=== Section Start ===

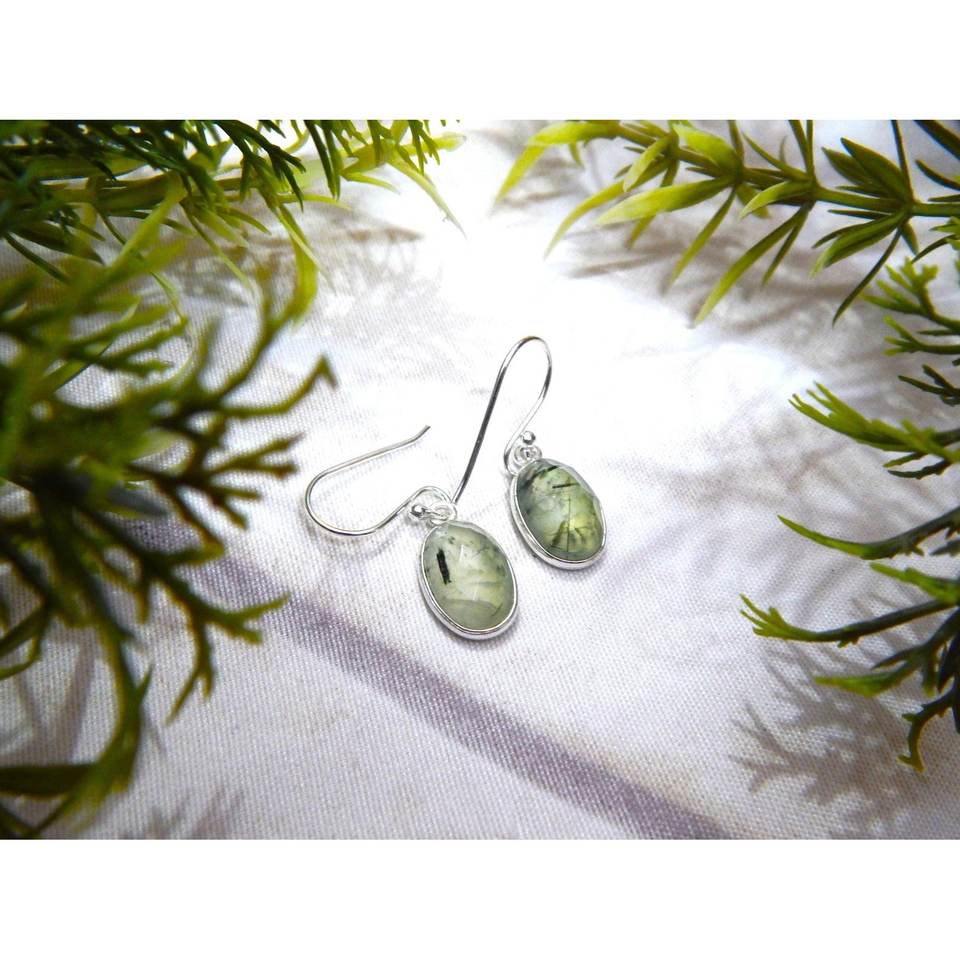 ต่างหูเม็ดกลมเงินสเตอร์ลิงทำด้วยมือสีเขียวเครื่องประดับอัญมณีพรีไนต์สีทองประดับด้วยเม็ดสีทองสำหรับเป็นของขวัญแต่งงานทุกวันสำหรับเธอ
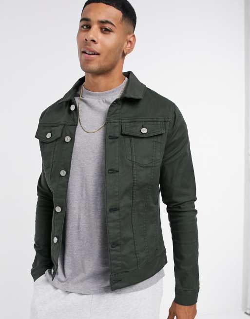 River Island River Island Denim Jacket In Dark Green Green Denim Jacket Denim Jacket Outfit Denim Jacket Men
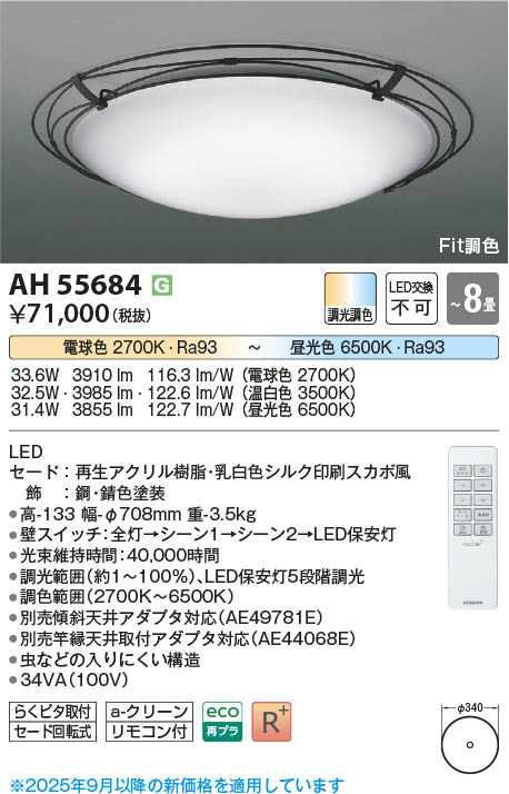 Koizumi コイズミ照明 LEDシーリング AH55684
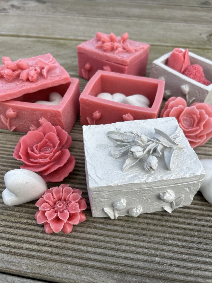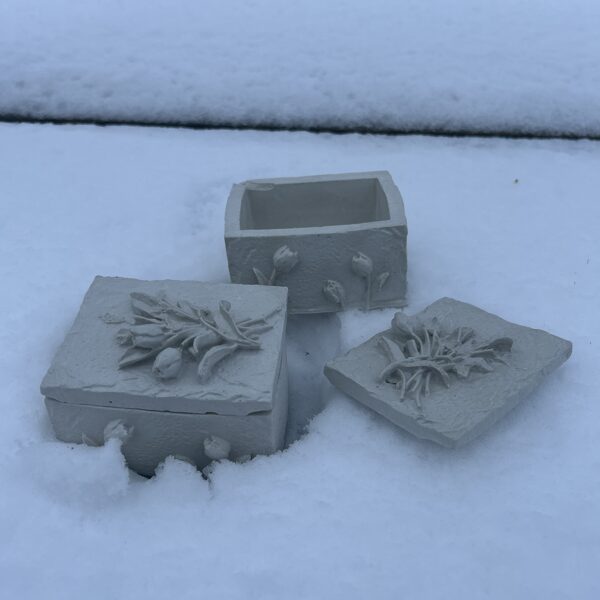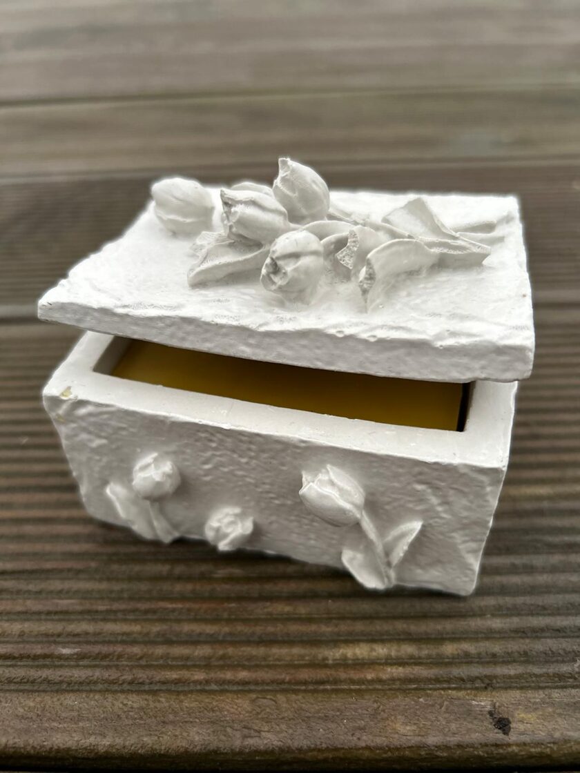 Ģipša lādīte ar vaska sveci 9,00 Ģipša lādīte ar sirsiņām 8,00 9x7x4cm -
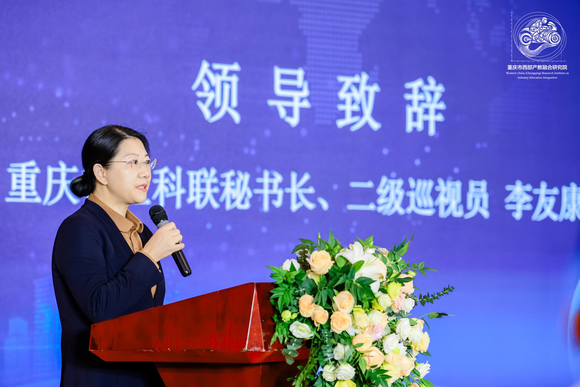 李友康秘书长表示,作为研究院的监督指导单位,见证了研究院的成长与发展。研究院虽然成立时间较短,但自筹备以来,勇于创新,敢于探索,在实践中不断总结经验,打造了诸多产教融合标志性成果,如今研究院成立亦是阶段性成果的展示。她强调全市社科界对研究院有更高政治与工作要求,期待研究院未来能把握职业教育改革发展的主题主线,顺应职普融通、产教融合的时代潮流,走教育发展、科技创新、人才培养之路,结合实际,做好贯彻落实,严格执行以下四个任务要求:一是提高政治站位,二是要强化理论武装,三是要敢于担当作为,四是要推动融合结合。为全市社科界打造“渝字号”社科品牌作出新突破,在推动哲学社会科学高质量发展上有新作为。

=== Section End ===

Once the pictures are removed, reproduce the remaining entries above exactly.

- _Answer to this problem_
 ต่างหูเม็ดกลมเงินสเตอร์ลิงทำด้วยมือสีเขียวเครื่องประดับอัญมณีพรีไนต์สีทองประดับด้วยเม็ดสีทองสำหรับเป็นของขวัญแต่งงานทุกวันสำหรับเธอ
 River Island River Island Denim Jacket In Dark Green Green Denim Jacket Denim Jacket Outfit Denim Jacket Men
 Koizumi コイズミ照明 LEDシーリング AH55684
 Ģipša lādīte ar vaska sveci 9,00 Ģipša lādīte ar sirsiņām 8,00 9x7x4cm -
 李友康秘书长表示,作为研究院的监督指导单位,见证了研究院的成长与发展。研究院虽然成立时间较短,但自筹备以来,勇于创新,敢于探索,在实践中不断总结经验,打造了诸多产教融合标志性成果,如今研究院成立亦是阶段性成果的展示。她强调全市社科界对研究院有更高政治与工作要求,期待研究院未来能把握职业教育改革发展的主题主线,顺应职普融通、产教融合的时代潮流,走教育发展、科技创新、人才培养之路,结合实际,做好贯彻落实,严格执行以下四个任务要求:一是提高政治站位,二是要强化理论武装,三是要敢于担当作为,四是要推动融合结合。为全市社科界打造“渝字号”社科品牌作出新突破,在推动哲学社会科学高质量发展上有新作为。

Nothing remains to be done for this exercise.